Assigned task ->
Repeat the records below verbatim, and do not copy their pictures.

┄┄┄┄┄┄┄┄┄┄

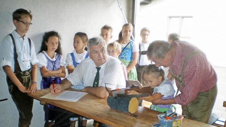 Rothenkirchen — Eine schöne Attraktion, aber auch mit sportlichem Hintergrund, ist der Wettbewerb "Apfel-Biathlon-Scheibenschießen" für die Kinder. Sie feiern somit ihr eigenes Schützenfest auf den Spuren von Wilhelm Tell. Wurde in den vergangenen Jahren beim Schützenfest Rothenkirchen immer am Sonntagnachmittag ein Apfelscheibenschießen erfolgreich durchgeführt, so hatte man dieses Jahr zusätzlich noch einen Biathlon- Scheibenschießen-Wettbewerb für die Kids angeboten Und das wurde ein großer Erfolg beim Schützenfest am Sonntag. Unter fachkundiger Leitung von Edgar Barnickel, Wolfgang Bergmann und Mathias Beetz hatten die Kinder großen Spaß dabei, ihre Treffsicherheit zu üben und sich im fairen Wettbewerb mit gewissem Ehrgeiz zu vergleichen. Dabei erwies es sich recht schwierig, die fünf Biathlon- Scheiben nacheinander mit der Armbrust zu treffen. Es gab hier etliche Gleichstände nach dem Biathlon-Schießen, also musste die Entscheidung im Apfelscheibenschießen fallen. Es wird auf einer Entfernung von circa sechs Metern auf eine Scheibe mit zehn Zentimetern Durchmesser mit einer Kinderarmbrust geschossen. Es werden sogenannte Saugnapfpfeile verschossen, wodurch keine Gefahr für die Schützen oder zuschauenden Kinder besteht. Zur anschließenden Siegerehrung durften die drei Erstplatzierten das Podest besteigen und ihre Urkunde entgegennehmen. Kinderkönig wurde Leon Buckreus, 1. Ritter Tim Fehn und 2. Ritter Yanik Grebner. Die Schützengilde der Erwachsenen, angeführt von Ehrenschützenmeister und 1. Schützenmeister Reinhold Wolf, der wenig später zum Schützenkaiser proklamiert wurde, 2. Schützenmeister Wolfgang Bergmann, Schatzmeister Mathias Beetz und Edgar Barnickel gratulierte allen Teilnehmern per Handschlag.
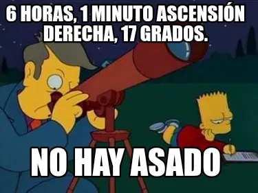 Make your own "6 horas, 1 minuto ascensión derecha, 17 grados. No hay asado" meme with MemeCreator's free online meme generator. Add text, stickers, and drawings — then download or share. No watermark, no sign-up required.
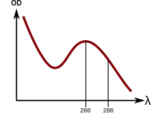 - La absorción a 230 nm puede ser causada por la contaminación por el ion fenolato, los tiocianatos y otros compuestos orgánicos. Para una muestra de ARN puro, la A230:260:280 debe ser de alrededor de 1:2:1, y para una muestra de ADN puro, la A230:260:280 debe ser de alrededor de 1:1,8:1.[9]
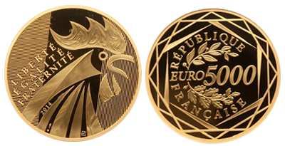 □ パリ造幣局の大型5000ユーロシリーズ純金金貨。
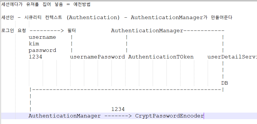 - password๋ ์คํ๋ง์ด ๋ฐ๋ก ๊ฐ์ ธ๊ฐ์ ์ธ์ฝ๋ฉ์ ๊ฑฐ์ณ์ผํจ.
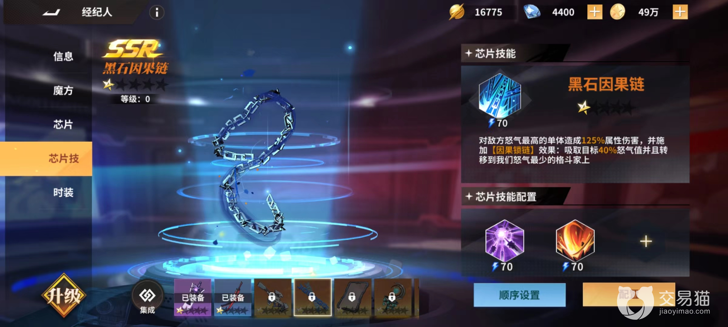 第2个是黑石因果链,效果是直接锁定对方当前怒气最高单位,造成一次伤害并且施加因果锁链效果,将目标身上的怒气值转移给我方一名怒气最低的角色。这是当前大家非常喜爱的一个,不仅能够限制对方使用技能,还能提高我方释放大招速度,起到双重效果。

┄┄┄┄┄┄┄┄┄┄

The completed task ->
 Rothenkirchen — Eine schöne Attraktion, aber auch mit sportlichem Hintergrund, ist der Wettbewerb "Apfel-Biathlon-Scheibenschießen" für die Kinder. Sie feiern somit ihr eigenes Schützenfest auf den Spuren von Wilhelm Tell. Wurde in den vergangenen Jahren beim Schützenfest Rothenkirchen immer am Sonntagnachmittag ein Apfelscheibenschießen erfolgreich durchgeführt, so hatte man dieses Jahr zusätzlich noch einen Biathlon- Scheibenschießen-Wettbewerb für die Kids angeboten Und das wurde ein großer Erfolg beim Schützenfest am Sonntag. Unter fachkundiger Leitung von Edgar Barnickel, Wolfgang Bergmann und Mathias Beetz hatten die Kinder großen Spaß dabei, ihre Treffsicherheit zu üben und sich im fairen Wettbewerb mit gewissem Ehrgeiz zu vergleichen. Dabei erwies es sich recht schwierig, die fünf Biathlon- Scheiben nacheinander mit der Armbrust zu treffen. Es gab hier etliche Gleichstände nach dem Biathlon-Schießen, also musste die Entscheidung im Apfelscheibenschießen fallen. Es wird auf einer Entfernung von circa sechs Metern auf eine Scheibe mit zehn Zentimetern Durchmesser mit einer Kinderarmbrust geschossen. Es werden sogenannte Saugnapfpfeile verschossen, wodurch keine Gefahr für die Schützen oder zuschauenden Kinder besteht. Zur anschließenden Siegerehrung durften die drei Erstplatzierten das Podest besteigen und ihre Urkunde entgegennehmen. Kinderkönig wurde Leon Buckreus, 1. Ritter Tim Fehn und 2. Ritter Yanik Grebner. Die Schützengilde der Erwachsenen, angeführt von Ehrenschützenmeister und 1. Schützenmeister Reinhold Wolf, der wenig später zum Schützenkaiser proklamiert wurde, 2. Schützenmeister Wolfgang Bergmann, Schatzmeister Mathias Beetz und Edgar Barnickel gratulierte allen Teilnehmern per Handschlag.
 Make your own "6 horas, 1 minuto ascensión derecha, 17 grados. No hay asado" meme with MemeCreator's free online meme generator. Add text, stickers, and drawings — then download or share. No watermark, no sign-up required.
 - La absorción a 230 nm puede ser causada por la contaminación por el ion fenolato, los tiocianatos y otros compuestos orgánicos. Para una muestra de ARN puro, la A230:260:280 debe ser de alrededor de 1:2:1, y para una muestra de ADN puro, la A230:260:280 debe ser de alrededor de 1:1,8:1.[9]
 □ パリ造幣局の大型5000ユーロシリーズ純金金貨。
 - password๋ ์คํ๋ง์ด ๋ฐ๋ก ๊ฐ์ ธ๊ฐ์ ์ธ์ฝ๋ฉ์ ๊ฑฐ์ณ์ผํจ.
 第2个是黑石因果链,效果是直接锁定对方当前怒气最高单位,造成一次伤害并且施加因果锁链效果,将目标身上的怒气值转移给我方一名怒气最低的角色。这是当前大家非常喜爱的一个,不仅能够限制对方使用技能,还能提高我方释放大招速度,起到双重效果。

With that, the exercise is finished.